The Warriors have been frequently blown off the park – and not just by the opposition.

“What I don’t understand is how we get dud calls at home?” the club insider pondered ruefully.

The answer to that is simple. The Warriors don’t play any real home games – matches where the officials can be influenced by the crowd to see things a certain way. The Warriors play in an Australian competition officiated almost exclusively by Australians (the exception is Henry Perenara, a former Warriors player who, for obvious reasons, is under extreme pressure not to display any bias whenever he officiates in a Warriors match).

When Australians referee the Warriors, they see the match through Australian eyes - a view that very often appears to favour the Australian opposition.

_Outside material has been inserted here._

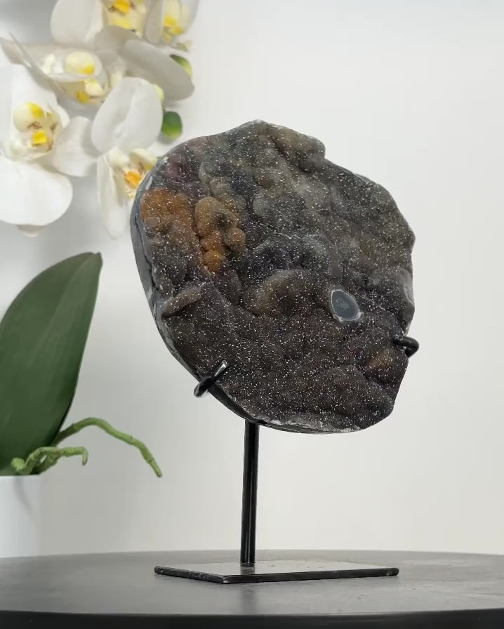 Elevate the ambiance of your home or office with the captivating beauty of our Quartz Specimens. Nestled elegantly on a modern metal display, this stunning piece blends natural elegance with contemporary style, making it a perfect addition to any decor.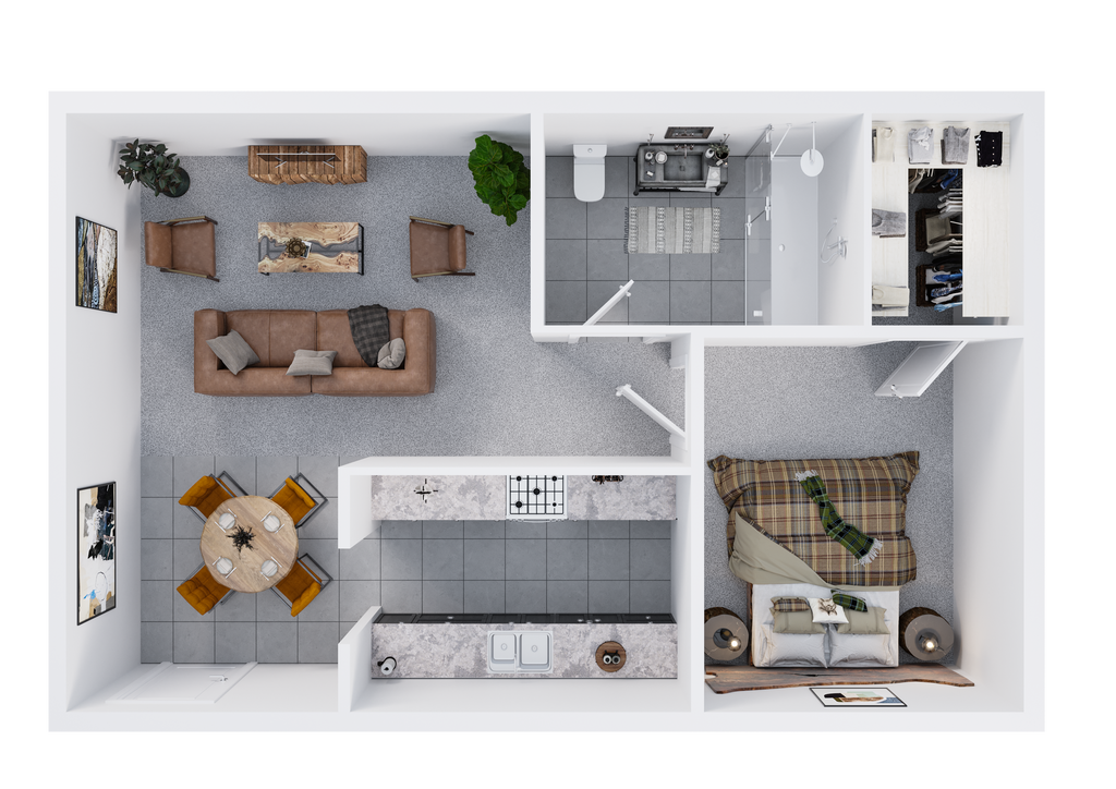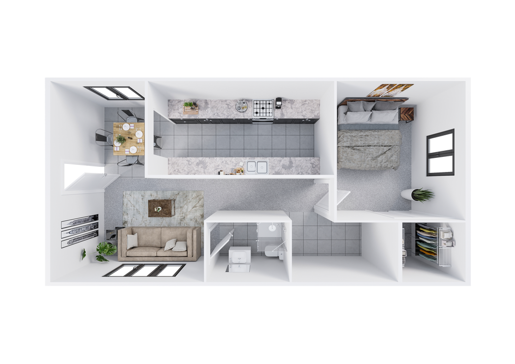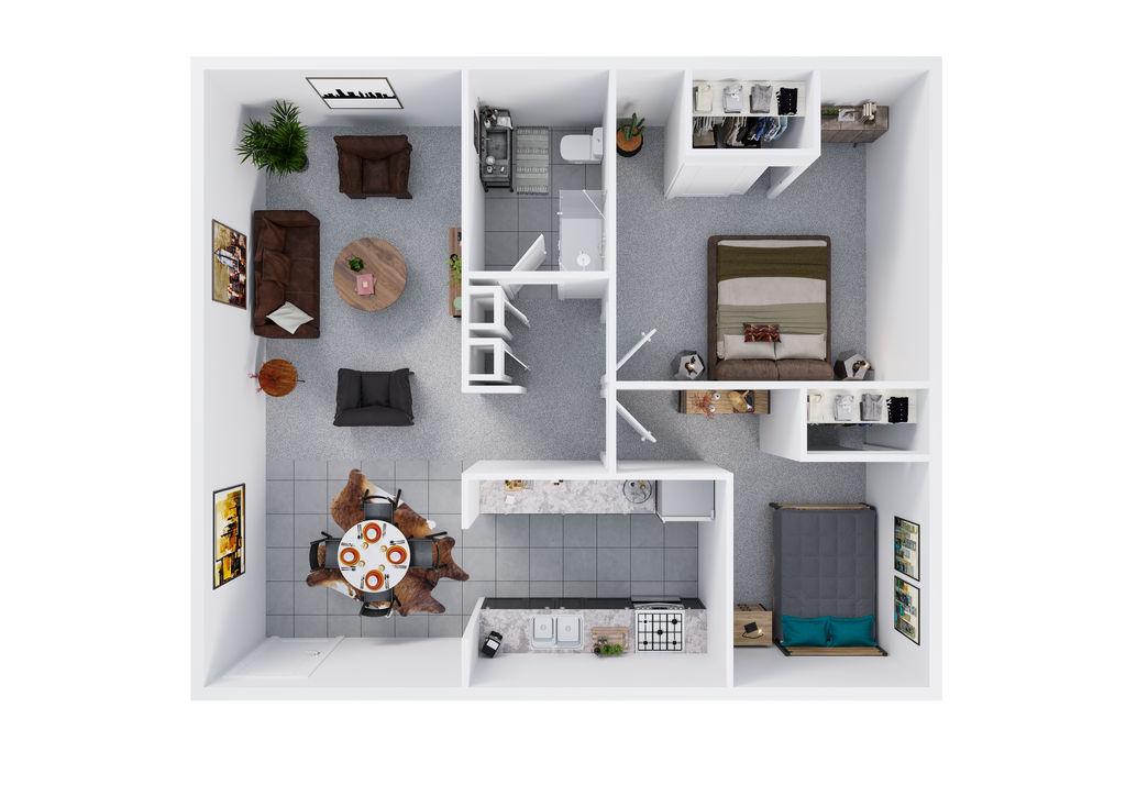 1 Dormitorio, 1 Baño, 540 pies²Disponible AhoraGalería del Modelo

There is a reason most international sports prefer neutral officials.

Australians, of course, very rarely see it this way.

Gallen’s unsympathetic response to Friday night’s proceedings was typical. Having received his own share of rough calls in his career, Gallen no doubt felt having a few ‘50-50s’ go his team’s way was simply justice. And that the Warriors were just whingers.

Former Warriors prop Jacob Lillyman felt exactly that way when he played for the Cowboys. A couple of seasons after switching to the Warriors career he had joined the ranks of those who believed the Kiwi club was routinely persecuted by Australian officials. Being on the wrong side of a penalty count every week and being pinged for imaginary infringements will do that to you.

Uneven officiating is one of the major reason the Warriors struggle to contend in the NRL. In a competition that is incredibly even, it doesn’t take much to tilt the balance one way or the other – just like it did on Friday night.

Had the Warriors won – as they should have – they would now sit second equal on the ladder. Instead they are fifth.

More importantly, things appear to be reaching a tipping point. The level of disaffection among fans has grown to the point where many fans will start tuning out rather than subject themselves to more torture, while those that remain have no trouble finding fertile ground for their conspiracy theories.

The sad fact is that watching Warriors games has become hard work. Ref rage is only ever a whistle blow away. Even victories are joyless affairs, with the sensation at the final whistle akin to being acquitted after spending years in prison for a crime you didn't commit. Justice delayed is still justice denied, and all that.

 A friend who took his kids to Friday night’s game described having a great time for 60 minutes but then spending 20 minutes working himself into a rage while losing his voice from screaming at the officials. At the end of it, he seriously wondered why he had bothered, and wasn’t planning on attending another match any time soon.

The reality is there is no conspiracy against the Warriors in the NRL. They’re an important part of the competition’s economic footprint, and there is plenty of support and admiration for them among the sport’s key influencers across the Tasman.

The NRL, though, has a major blind spot when it comes to the bias that occurs during the officiating of the club’s matches. They view it as a figment of the imagination which, given proceedings on Friday night, is more than a little fitting. They won't try to fix it, won't even acknowledge it exists. Warriors fans are already voting with their feet. And their eyeballs.